**Given data**

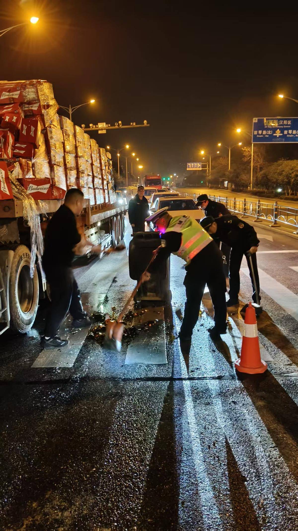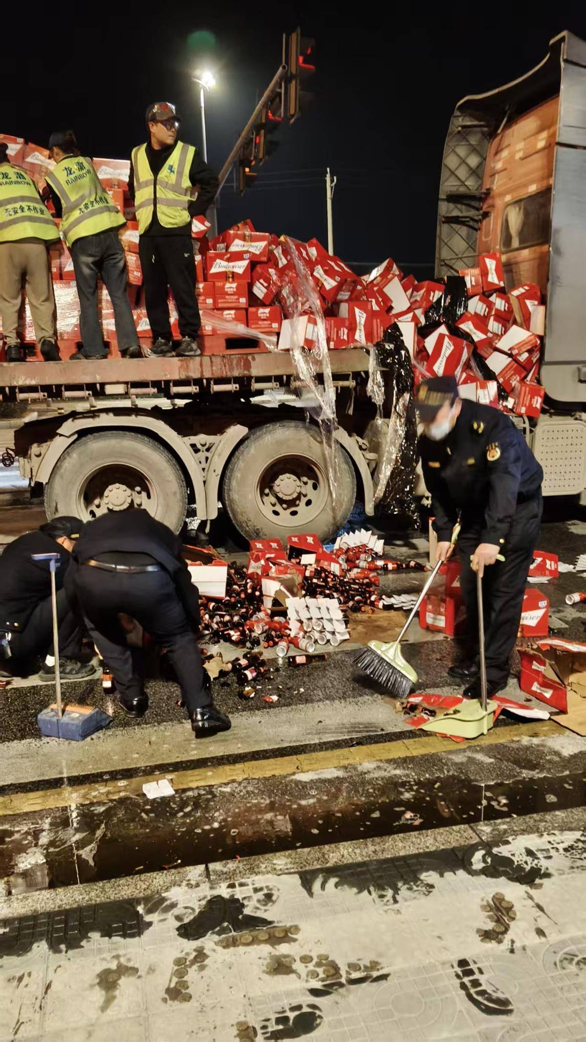 湖北日报讯(记者张竞恒、通讯员严娟娟、沈黎)1月15日晚7时40分,夜色渐深,武汉市蔡甸区新天大道上车流如织。在中法生态示范城第一初级中学红绿灯处,一场突发状况打破了夜晚的平静:一辆满载啤酒的货车因紧急刹车,车上百余箱啤酒瞬间散落一地,玻璃碎片与酒液四处飞溅,道路迅速陷入拥堵。
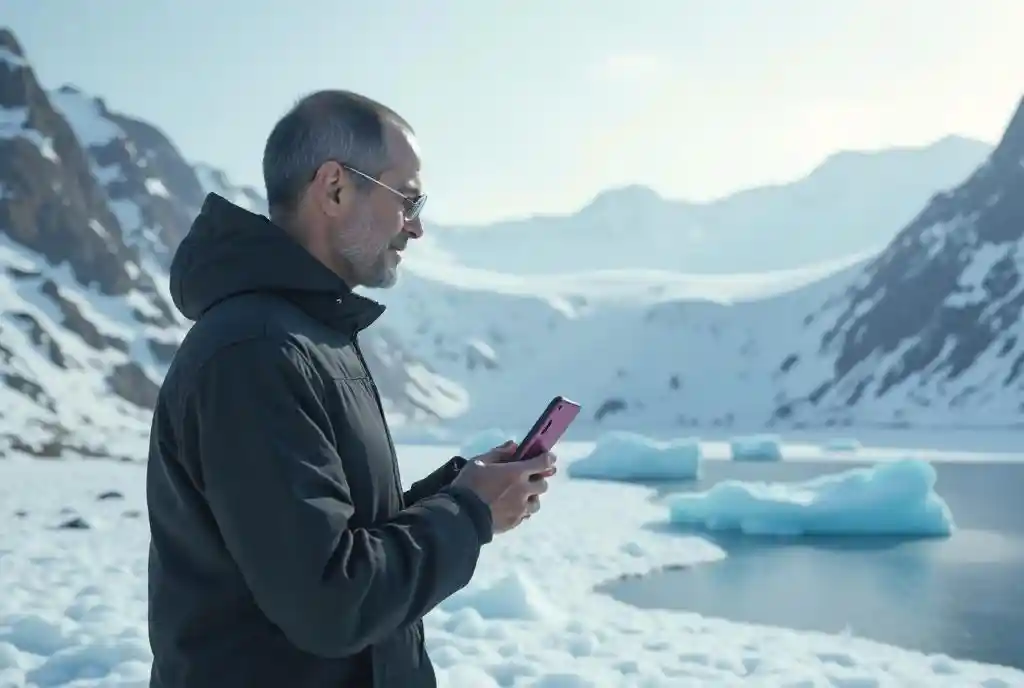 EllaEn la foto imaginaria, se representa a Steve Jobs de pie con confianza en primer plano, sosteniendo un elegante iPhone mientras captura la escena. A su alrededor, la tierra helada
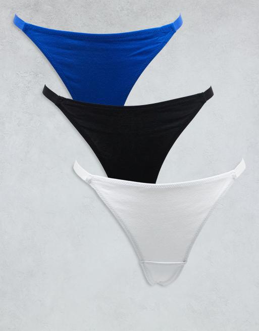 Pack de 3 tangas de color negro, blanco y azul cobalto de algodón de ASOS DESIGN
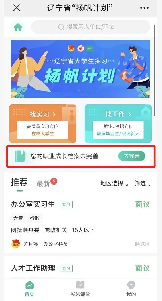 1.个人职业成长档案完成度达80%以上,即可首页【找实习】或【找工作】选择心仪岗位进行投递。
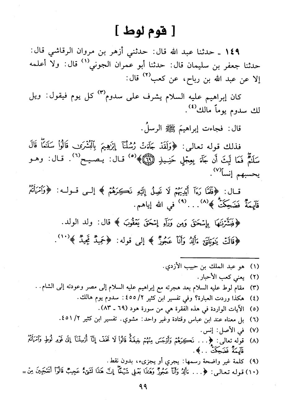 149 - حَدَّثَنَا عَبْدُ اللَّهِ قَالَ: حَدَّثَنِي أَزْهَرُ بْنُ مَرْوَانَ الرَّقَاشِيُّ، قَالَ: حَدَّثَنَا جَعْفَرُ بْنُ سُلَيْمَانَ، قَالَ: حَدَّثَنَا أَبُو عِمْرَانَ الْجَوْنِيُّ، قَالَ: وَلَا أَعْلَمُهُ إِلَّا عَنْ عَبْدِ اللَّهِ بْنِ رَبَاحٍ، عَنْ كَعْبٍ، قَالَ: " §كَانَ إِبْرَاهِيمُ عَلَيْهِ السَّلَامُ يُشْرِفُ عَلَى سَدْومَ كُلَّ يَوْمٍ فَيَقُولُ: وَيْلٌ لَكِ سَدْومُ يَوْمَ هَالَكٍ، قَالَ: فَجَاءَتْ إِبْرَاهِيمَ صَلَّى اللَّهُ عَلَيْهِ وَسَلَّمَ الرُّسُلُ. فَذَلِكَ قَوْلُهُ تَعَالَى: {وَلَقَدْ جَاءَتْ رُسُلُنَا إِبْرَاهِيمَ بِالْبُشْرَى قَالُوا سَلَامًا قَالَ سَلَامٌ فَمَا لَبِثَ أَنْ جَاءَ بِعِجْلٍ حَنِيذٍ} [هود: 69] قَالَ: يَصِيحُ، قَالَ: وَهُوَ يَحْسَبُهُمْ إِنْسًا، قَالَ: {فَلَمَّا رَأَى أَيْدِيَهُمْ لَا تَصِلُ إِلَيْهِ نَكِرَهُمْ} [هود: 70] إِلَى قَوْلِهِ: {وَامْرَأَتُهُ قَائِمَةٌ فَضَحِكَتْ} [هود: 71] . . . فِي اللَّهِ إِيَّاهُمْ. {فَبَشَّرْنَاهَا بِإِسْحَاقَ وَمِنْ وَرَاءِ إِسْحَاقَ يَعْقُوبَ} ، قَالَ: وَلَدُ الْوَلَدِ، قَالَتْ: {يَا وَيْلَتَى أَأَلِدُ وَأَنَا عَجُوزٌ} [هود: 72] إِلَى قَوْلِهِ: {حَمِيدٌ مَجِيدٌ} [هود: 73]-[100]- قَالَ: فَكَلَّمَهُمْ إِبْرَاهِيمَ فِي قَوْمِ لُوطٍ، قَالُوا: {يَا إِبْرَاهِيمُ أَعْرِضْ عَنْ هَذَا} [هود: 76] ، {وَلَمَّا جَاءَتْ رُسُلُنَا لُوطًا سِيءَ بِهِمْ} [هود: 77] قَالَ: فَسَاءَهُ مَكَانُهُمْ، {وَضَاقَ بِهِمْ ذَرْعًا وَقَالَ هَذَا يَوْمٌ عَصَيبٌ} [هود: 77] : هَذَا يَوْمٌ سَيِّئٌ لِي مِنْ قَوْمِي. قَالَ: فَذَهَبَ بِهِمْ إِلَى مَنْزِلِهِ. قَالَ: فَدَخَنَتِ امْرَأَتُهُ، {وَجَاءَهُ قَوْمُهُ يُهْرَعُونَ إِلَيْهِ} [هود: 78] ، {قَالَ يَا قَوْمِ هَؤُلَاءِ بَنَاتِي هُنَّ أَطْهَرُ لَكُمْ} [هود: 78] تَزَوَّجُوهُنَّ، {أَلَيْسَ مِنْكُمْ رَجُلٌ رَشِيدٌ} [هود: 78] ؟ إِلَى قَوْلِهِ: {وَإِنَّكَ لَتَعْلَمُ مَا نُرِيدُ} [هود: 79] " قَالَ أَبُو عِمْرَانَ: وَجَعَلَ لُوطٌ الْأَضْيَافَ فِي بَيْتِهِ، وَقَعَدَ عَلَى بَابِ الْبَيْتِ وَقَالَ: {لَوْ أَنَّ لِي بِكُمْ قُوَّةً أَوْ آوِي إِلَى رُكْنٍ شَدِيدٍ} [هود: 80] ، قَالَ: عَشِيرَةٌ تَمْنَعُنِي. قَالَ أَبُو عِمْرَانَ: فَبَلَغَنِي أَنَّهُ لَمْ يَبْعَثِ اللَّهُ نَبِيًّا بَعْدَ لُوطٍ إِلَّا فِي عِزٍّ مِنْ قَوْمِهِ، قَالَ: فَلَمَّا رَأَتِ الرُّسُلُ مَا قَدْ لَقِيَ لُوطٌ بِسَبَبِهِمْ {قَالُوا يَا لُوطُ إِنَّا رُسُلُ رَبِّكَ لَنْ يَصِلُوا إِلَيْكَ فَأَسْرِ بِأَهْلِكَ بِقِطْعٍ مِنَ اللَّيْلِ} [هود: 81] إِلَى قَوْلِهِ: {بِقَرِيبٍ} [هود: 81] ، -[101]- فَخَرَجَ عَلَيْهِمْ جِبْرِيلُ صَلَّى اللَّهُ عَلَيْهِ وَسَلَّمَ، فَضَرَبَ وُجُوهَهُمْ بِجَنَاحِهِ ضَرْبًا طَمَسَ أَعْيُنَهُمْ، قَالَ: وَالطَّمْسُ أَنْ تَذْهَبَ الْعَيْنُ حَتَّى تَسْتَوِيَ. قَالَ: وَاحْتَمَلَ جِبْرِيلُ مَدَائِنَهُمْ، أَوْ كَلِمَةً نَحْوَهَا، حَتَّى سَمِعَ أَهْلُ سَمَاءِ الدُّنْيَا نُبَاحَ كِلَابِهِمْ وَأَصْوَاتَ دُيُوكِهِمْ، ثُمَّ قَلَبَهَا عَلَيْهِمْ. {وَأَمْطَرْنَا عَلَيْهَا حِجَارَةً مِنْ سِجِّيلٍ} [هود: 82] قَالَ: عَلَى أَهْلِ بَوَادِيهِمْ، وَعَلَى رِعَائِهِمْ، وَعَلَى مُسَافِرِيهِمْ، فَلَمْ يَنْفَلِتْ مِنْهُمْ إِنْسَانٌ
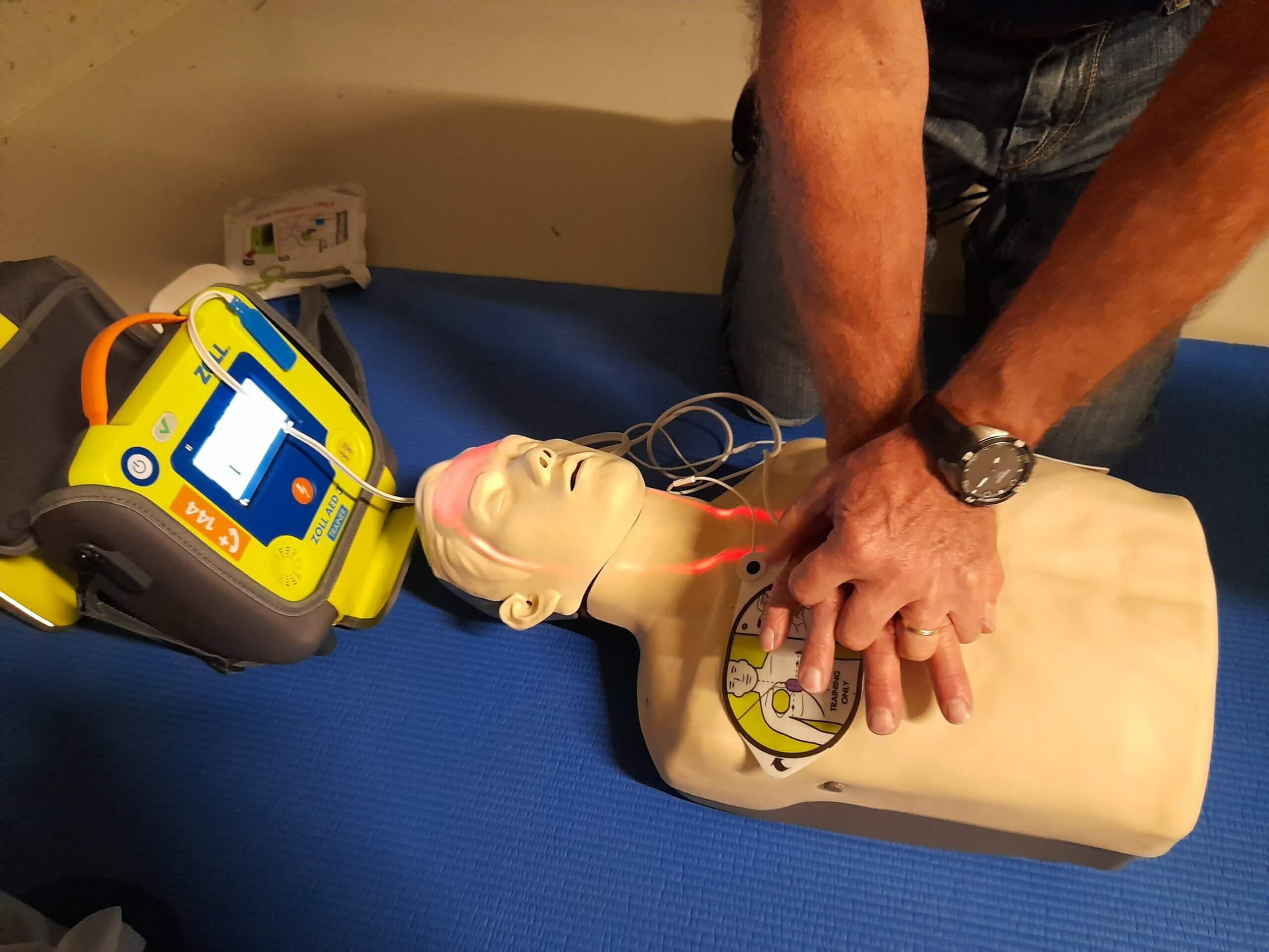Die Herzdruckmassage wird intensiv geübt.
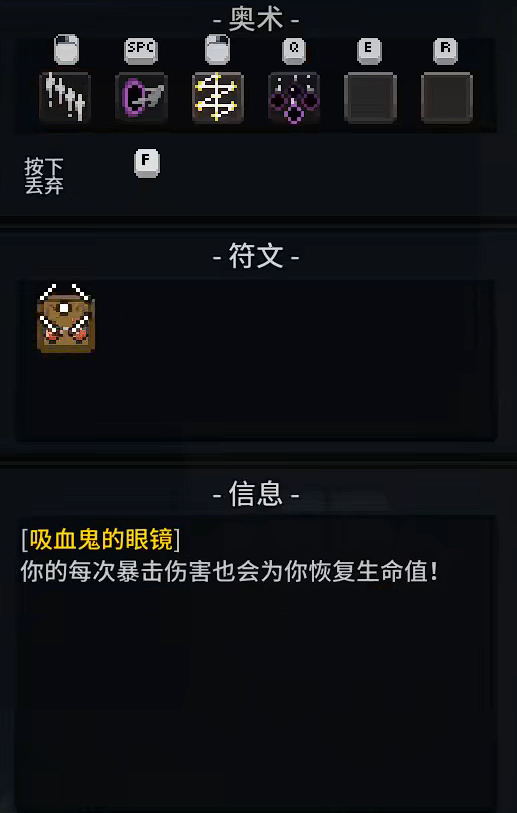 吸血鬼的眼镜,前面提到的非常不错的强势符文,能给予玩家们大量的吸血效果,是的,玩家们每一次暴击都会为玩家们恢复生命值,极大的减少了玩家们对于血瓶的依赖,能在前期发挥出非常不错的作用。
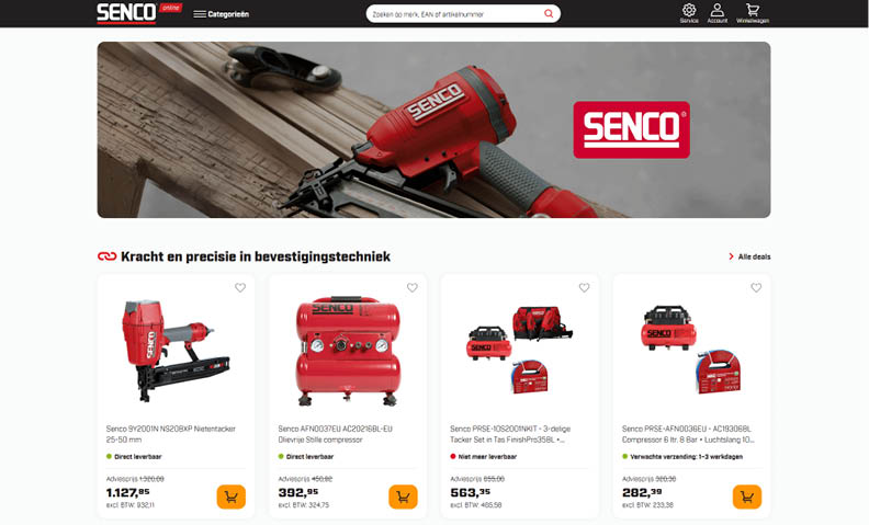 Senco Online is geautoriseerd dealer van SENCO, expert in professionele bevestigingstechniek. Ontdek originele tackers, nietmachines, compressoren en accessoires voor efficiënt en duurzaam werken binnen interieurbouw en industriële toepassingen.

**Task statement**
Take the lines from the start of the listing above through the line with "1.个人职业成长档案完成度达", both ends included, and copy them exactly, leaving the pictures behind.

**Solved exercise**
 湖北日报讯(记者张竞恒、通讯员严娟娟、沈黎)1月15日晚7时40分,夜色渐深,武汉市蔡甸区新天大道上车流如织。在中法生态示范城第一初级中学红绿灯处,一场突发状况打破了夜晚的平静:一辆满载啤酒的货车因紧急刹车,车上百余箱啤酒瞬间散落一地,玻璃碎片与酒液四处飞溅,道路迅速陷入拥堵。
 EllaEn la foto imaginaria, se representa a Steve Jobs de pie con confianza en primer plano, sosteniendo un elegante iPhone mientras captura la escena. A su alrededor, la tierra helada
 Pack de 3 tangas de color negro, blanco y azul cobalto de algodón de ASOS DESIGN
 1.个人职业成长档案完成度达80%以上,即可首页【找实习】或【找工作】选择心仪岗位进行投递。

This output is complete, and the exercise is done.